Buddhist-style meditation and thinking has been helpful for dealing with this anxiety but I still have a lot of anxiety when I pause to reflect on my future and purpose. I really don't have a clue. It's almost analysis paralysis.. And it seems Neitchze was spot on:
"One such reaction to the loss of meaning is what Nietzsche calls 'passive nihilism', which he recognises in the pessimistic philosophy of Schopenhauer. Schopenhauer's doctrine, which Nietzsche also refers to as Western Buddhism, advocates a separating oneself of will and desires in order to reduce suffering. Nietzsche characterises this ascetic attitude as a "will to nothingness," whereby life turns away from itself, as there is nothing of value to be found in the world. This mowing away of all value in the world is characteristic of the nihilist, although in this, the nihilist appears to be inconsistent[31]:
A nihilist is a man who judges of the world as it is that it ought not to be, and of the world as it ought to be that it does not exist. According to this view, our existence (action, suffering, willing, feeling) has no meaning: the pathos of 'in vain' is the nihilists' pathos — at the same time, as pathos, an inconsistency on the part of the nihilists."
This is certainly true, I have an overwhelming sense of peace concerning the trivialities of daily life, but it has been replaced with a singular overarching pathos - a lack of purpose.
This is where I am at now:
Nietzsche's relation to the problem of nihilism is a complex one. He approaches the problem of nihilism as a deeply personal one, stating that this problem of the modern world is a problem that has "become conscious" in him.[32] Furthermore, he emphasises both the danger of nihilism and the possibilities it offers, as seen in his statement that "I praise, I do not reproach, [nihilism's] arrival. I believe it is one of the greatest crises, a moment of the deepest self-reflection of humanity. Whether man recovers from it, whether he becomes master of this crisis, is a question of his strength!"[33] According to Nietzsche, it is only when nihilism is overcome that a culture can have a true foundation upon which to thrive. He wished to hasten its coming only so that he could also hasten its ultimate departure.[18]
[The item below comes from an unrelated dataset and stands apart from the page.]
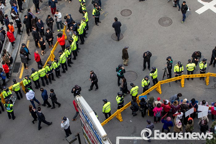 (서울=포커스뉴스) 새누리당이 최고위원회의를 열어 의결이 보류된 6개 지역구에 대한 추인 문제를 논의하고 있는 25일 오후 서울 영등포구 새누리당사 앞에서 '옥새투쟁'을 이어가고 있는 김무성 새누리당 대표의 행동을 규탄하는 당원과 옹호하는 당원들이 각자의 의견을 내세우고 있다.

He states that there is at least the possibility of another type of nihilist in the wake of Christianity's self-dissolution, one that does not stop after the destruction of all value and meaning and succumbs to the following nothingness. This alternate, 'active' nihilism on the other hand destroys to level the field for constructing something new. This form of nihilism is characterized by Nietzsche as "a sign of strength,"[34] a wilful destruction of the old values to wipe the slate clean and lay down one's own beliefs and interpretations, contrary to the passive nihilism that resigns itself with the decomposition of the old values. This wilful destruction of values and the overcoming of the condition of nihilism by the constructing of new meaning, this active nihilism could be related to what Nietzsche elsewhere calls a 'free spirit'[35] or the Übermensch from Thus Spoke Zarathustra and the Antichrist, the model of the strong individual who posits his own values and lives his life as if it were a work of art.
I have struggled and came to the same conclusion a while back. That my purpose was simply to build sandcastles in the sea shore. I could not be attached to the permanence of my efforts or creation.
I am in my battle field. I take time to play, meet others and to forget the war of ideas in my head, but I do not for one moment pretend that I have emerged on the other side victorious. I suppose it is a dark place and I haven't wanted to admit that, but the positive characterization of my place in life certainly helps me to admit this. I guess you could equate to a Christmas Truce, though I let these lighthearted periods last a little longer than a day. I don't think my spirit has a enough strength to bear a constant intellectual struggle.